The Two Engines of Growth
The calculator's formula actually combines two separate calculations to determine the final amount:
- Future Value of a Lump Sum: This calculates the growth of your initial investment. The formula is
FV = PV * (1 + r)^n, where PV is the present value, r is the periodic interest rate, and n is the number of periods. - Future Value of an Annuity: This calculates the growth of your series of regular monthly contributions. The formula is more complex:
FV = PMT * [((1 + r)^n - 1) / r], where PMT is the periodic payment amount.
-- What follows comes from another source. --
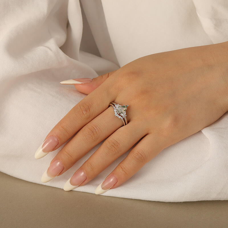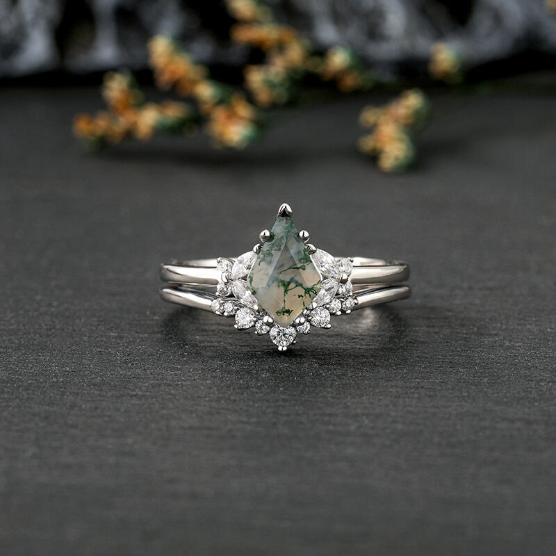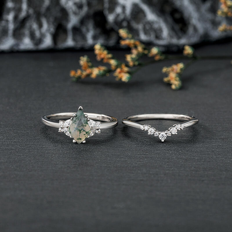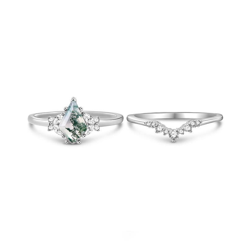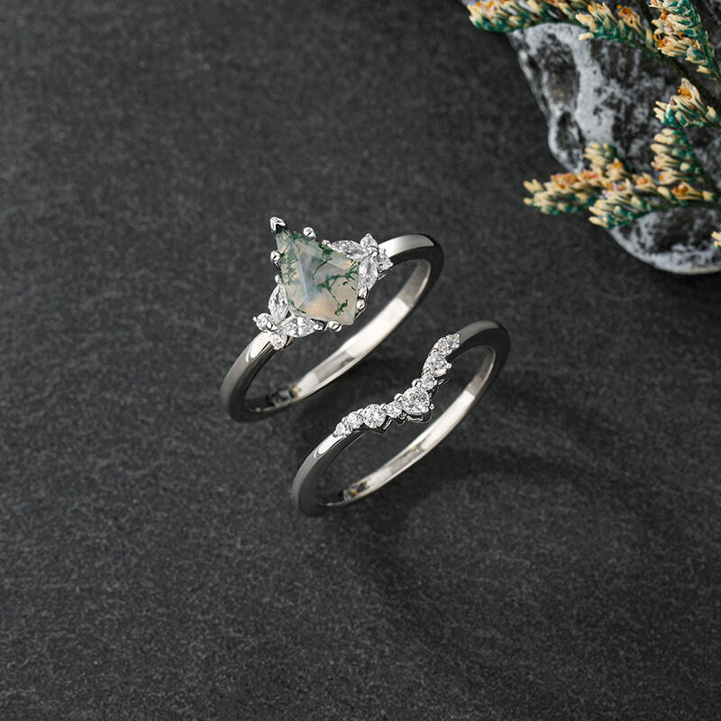 This moss agate engagement ring set combines a kite-cut moss agate main stone and butterfly-shaped side stones in a unique design. The charming moss agate chosen for the main stone displays a unique green color and mysterious texture, giving a sense of tranquility and serenity. The butterfly-shaped side stone adds a touch of playfulness and spirituality, as if the butterfly is dancing among the flowers. The overall design is simple and stylish, full of modern flavor, showing a unique flavor and taste. Wearing this unique kite-cut engagement ring set not only shows elegant temperament, but also conveys self-confidence and independent attitude, which is the perfect choice to show your individuality and charm.

The total future value is the sum of these two results.
An Example Calculation
Imagine you start with $1,000, contribute $100 per month for 10 years, and expect a 7% annual return. The calculator would first determine the monthly interest rate (0.07 / 12) and the total number of months (10 * 12 = 120).
- Your initial $1,000 would grow to approximately $2,010.
- Your total contributions of $12,000 (120 * $100) would grow to approximately $17,410.
Your total estimated savings would be the sum of these, around $19,420. The most powerful part is seeing the total interest earned—in this case, nearly $6,420—which is money your money earned for you.